The players gave him a few different names, but not the one Rajakovic was looking for. Among those who had attempted more than three above-the-break 3s per game, nobody had made a higher percentage than Raptors guard Immanuel Quickley's 45.8%.

Quickley, a 24-year-old breath of fresh air on a 17-32 team without title hopes in 2024, was acquired alongside RJ Barrett in the trade that sent OG Anunoby to the Knicks on New Year's Eve Eve. After years of trying to thread several needles -- win now without compromising the future, connect like-sized players with overlapping skill sets, score despite a severe shortage of spacing -- the Raptors made things simple. Scottie Barnes, their 22-year-old do-everything point forward ("our emerging superstar player," as veteran Thaddeus Young called him) is the center of their solar system. Quickley has star potential himself, and his game is a clean complement to Barnes' right now.

The day of the trade, Raptors president Masai Ujiri told Quickley on the phone to think about leadership, and about a team entering "a new phase, a new everything." Last season's runner-up for Sixth Man of the Year now has the ball in his hands from the opening tip, and, along with Barnes and Barrett, he represents the future of the franchise. He's not just in a different country; he's in a different world.

"It's an unbelievable fit with you and Scottie," Ujiri told him. "This is exactly what we wanted."

As a shooter, Quickley is the kind of weapon the team didn't have for the season's first two-plus months. This means his teammates need to free him up with screens and get him the ball when he's open. It also means he needs to let it fly, even though, as the full-time starting point guard for the first time in his professional career, he's responsible for getting his teammates going, too.

"I feel like that's something that I've done when I was younger, but when I was with the Knicks, when I was coming off the bench, really my job was just to score," Quickley said. "I was asked to just score.
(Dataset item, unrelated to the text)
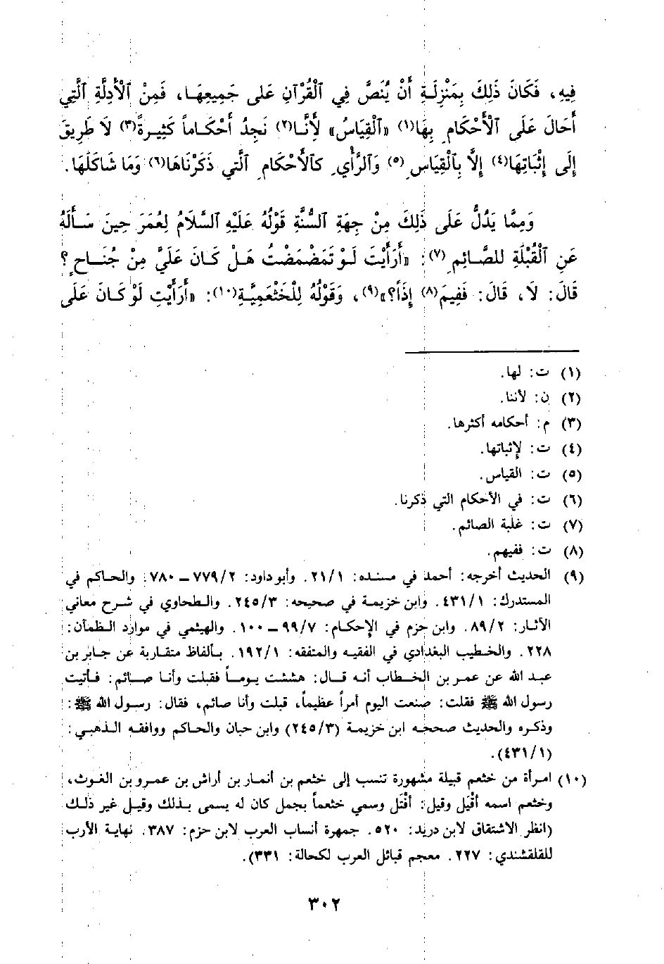 (¬9) الحديث أخرجه: أحمد في مسنده: 1/ 21. وأبو داود: 2/ 779 - 780. والحاكم في المستدرك: 1/ 431. وابن خزيمة في صحيحه: 3/ 245. والطحاوي في شرح معاني الآثار: 2/ 89. وابن حزم في الإحكام: 7/ 99 - 100. والهيثمي في موارد الظمآن: 228. والخطيب البغدادي في الفقيه والمتفقه: 1/ 192. بألفاظ متقاربة عن جابر بن عبد الله عن عمر بن الخطاب أنه قال: هششت يوماَّ فقبلت وأنا صائم: فأتيت رسول الله - صلى الله عليه وسلم - فقلت: صنعت اليوم أمرًا عظيماٌ، قبلت وأنا صائم، فقال: رسول الله - صلى الله عليه وسلم -: وذكره والحديث صححه ابن خزيمة (3/ 245) وابن حبان والحاكم ووافقه الذهبي: (1/ 431).

That was kind of how I stayed in the game, really, was just putting the ball in the basket."

Quickley clarified that he also needed to defend, given the particular priorities of Knicks coach Tom Thibodeau. But when the trade went down, he was effectively promoted to a job that isn't going to be vacant in New York for the foreseeable future. At the time of the trade, his numbers -- 22.5 points, 3.7 assists and 3.8 rebounds per 36 minutes; 58.8% true shooting percentage, 23.6% usage rate -- suggested he was vastly overqualified to be a backup. He was scoring slightly more than he did the previous season, despite averaging almost five fewer minutes. As a Raptor, Quickley's scoring has been closer to where it was in 2022-23 on a per-possession basis, but there has been a huge jump in assists. 
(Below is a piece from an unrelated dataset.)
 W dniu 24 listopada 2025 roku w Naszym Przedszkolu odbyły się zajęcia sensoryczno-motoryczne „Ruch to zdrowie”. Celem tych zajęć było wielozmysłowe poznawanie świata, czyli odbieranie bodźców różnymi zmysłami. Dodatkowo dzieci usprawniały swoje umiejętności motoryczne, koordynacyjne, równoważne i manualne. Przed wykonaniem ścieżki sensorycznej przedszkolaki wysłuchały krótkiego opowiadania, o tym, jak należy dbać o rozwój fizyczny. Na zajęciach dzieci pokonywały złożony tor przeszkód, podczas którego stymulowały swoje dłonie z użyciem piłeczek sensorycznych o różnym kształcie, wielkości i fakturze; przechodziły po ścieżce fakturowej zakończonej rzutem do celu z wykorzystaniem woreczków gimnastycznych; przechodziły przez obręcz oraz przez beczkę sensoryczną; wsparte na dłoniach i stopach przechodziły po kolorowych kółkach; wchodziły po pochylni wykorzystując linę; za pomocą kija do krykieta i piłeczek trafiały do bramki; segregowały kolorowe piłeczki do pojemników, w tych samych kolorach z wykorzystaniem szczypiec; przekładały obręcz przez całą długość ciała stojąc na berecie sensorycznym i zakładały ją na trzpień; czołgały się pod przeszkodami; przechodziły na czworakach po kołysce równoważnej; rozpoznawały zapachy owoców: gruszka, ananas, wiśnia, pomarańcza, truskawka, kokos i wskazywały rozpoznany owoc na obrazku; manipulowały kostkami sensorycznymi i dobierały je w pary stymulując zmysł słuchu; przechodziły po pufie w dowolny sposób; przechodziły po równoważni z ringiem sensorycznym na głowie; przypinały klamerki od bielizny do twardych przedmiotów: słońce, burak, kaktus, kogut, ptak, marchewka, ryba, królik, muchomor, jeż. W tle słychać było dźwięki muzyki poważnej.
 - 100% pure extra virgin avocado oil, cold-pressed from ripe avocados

"[It's one thing] to say, 'I want to be that guy,'" Rajakovic said, and another thing entirely to "know how to set up your teammates, but at the same time, be really aggressive." 
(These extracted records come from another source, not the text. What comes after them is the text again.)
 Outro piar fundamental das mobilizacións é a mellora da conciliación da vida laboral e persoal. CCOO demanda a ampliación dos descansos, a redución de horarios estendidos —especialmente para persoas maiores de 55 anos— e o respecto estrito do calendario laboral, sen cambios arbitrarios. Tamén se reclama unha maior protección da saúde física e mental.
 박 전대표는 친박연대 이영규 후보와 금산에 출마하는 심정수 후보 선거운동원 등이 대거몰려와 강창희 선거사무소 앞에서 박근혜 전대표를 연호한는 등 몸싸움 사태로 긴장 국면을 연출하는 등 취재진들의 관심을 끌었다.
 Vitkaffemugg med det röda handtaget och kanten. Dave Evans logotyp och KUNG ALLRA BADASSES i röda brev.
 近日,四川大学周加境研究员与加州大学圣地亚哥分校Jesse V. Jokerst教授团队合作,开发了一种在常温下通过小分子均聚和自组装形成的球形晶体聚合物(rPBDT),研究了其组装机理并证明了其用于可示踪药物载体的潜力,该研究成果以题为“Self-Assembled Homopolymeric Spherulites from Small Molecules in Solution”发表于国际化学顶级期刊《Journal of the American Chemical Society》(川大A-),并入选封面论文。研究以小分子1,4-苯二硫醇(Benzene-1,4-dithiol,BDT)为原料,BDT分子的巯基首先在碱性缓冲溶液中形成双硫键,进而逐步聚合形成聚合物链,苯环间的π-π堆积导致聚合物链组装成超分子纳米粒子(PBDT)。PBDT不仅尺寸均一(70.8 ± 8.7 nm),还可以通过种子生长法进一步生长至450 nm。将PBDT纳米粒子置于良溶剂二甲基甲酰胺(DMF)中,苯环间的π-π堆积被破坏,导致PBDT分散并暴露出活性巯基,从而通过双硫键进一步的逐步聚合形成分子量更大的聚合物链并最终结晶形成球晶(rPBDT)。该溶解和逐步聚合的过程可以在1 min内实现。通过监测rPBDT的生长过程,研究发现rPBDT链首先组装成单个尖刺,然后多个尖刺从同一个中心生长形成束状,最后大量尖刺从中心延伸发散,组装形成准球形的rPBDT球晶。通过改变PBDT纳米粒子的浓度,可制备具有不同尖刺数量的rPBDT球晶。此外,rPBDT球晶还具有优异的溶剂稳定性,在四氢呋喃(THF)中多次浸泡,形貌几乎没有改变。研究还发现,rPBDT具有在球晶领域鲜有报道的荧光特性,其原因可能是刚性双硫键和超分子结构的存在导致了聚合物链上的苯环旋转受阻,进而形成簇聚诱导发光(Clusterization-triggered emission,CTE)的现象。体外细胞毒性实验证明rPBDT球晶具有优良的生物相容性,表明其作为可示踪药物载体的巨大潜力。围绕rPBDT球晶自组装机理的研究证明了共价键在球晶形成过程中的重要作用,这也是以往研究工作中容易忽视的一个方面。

The coach said this at Madison Square Garden on Jan. 20, shortly before Quickley chatted with Spike Lee courtside and received a rousing ovation during pregame introductions. Quickley finished his homecoming with 11 assists, but scored just 12 points and shot 1 for 2 from 3-point range. Two days later in Toronto, Rajakovic said he was pleased with the passing reads that Quickley made against blitzes. He also said that "we need to get him to take 8, 9, 10 3s a game."

Quickley said he's "trying to find a balance" in his new role. It helps, though, that "coaches have been telling me to be myself and [saying] 'we'll adjust to you' and things like that."

Mere months ago, Tyrese Maxey of the Philadelphia 76ers gave similar answers to similar questions. Back in the summer of 2019, Quickley and Maxey were teammates at Kentucky, working out together at 6 a.m. four days a week. The 6-foot-2 guards were drafted four spots apart and started their NBA careers as change-of-pace reserves. Both their teams brought in high-usage, high-salaried, left-handed ballhandlers in 2022, and both continued to develop alongside them. Maxey is further along -- last Thursday, he dropped 51 points against the Jazz and was named an All-Star -- and didn't have to leave the team that drafted him to become a leading man, but the parallels are not lost on them.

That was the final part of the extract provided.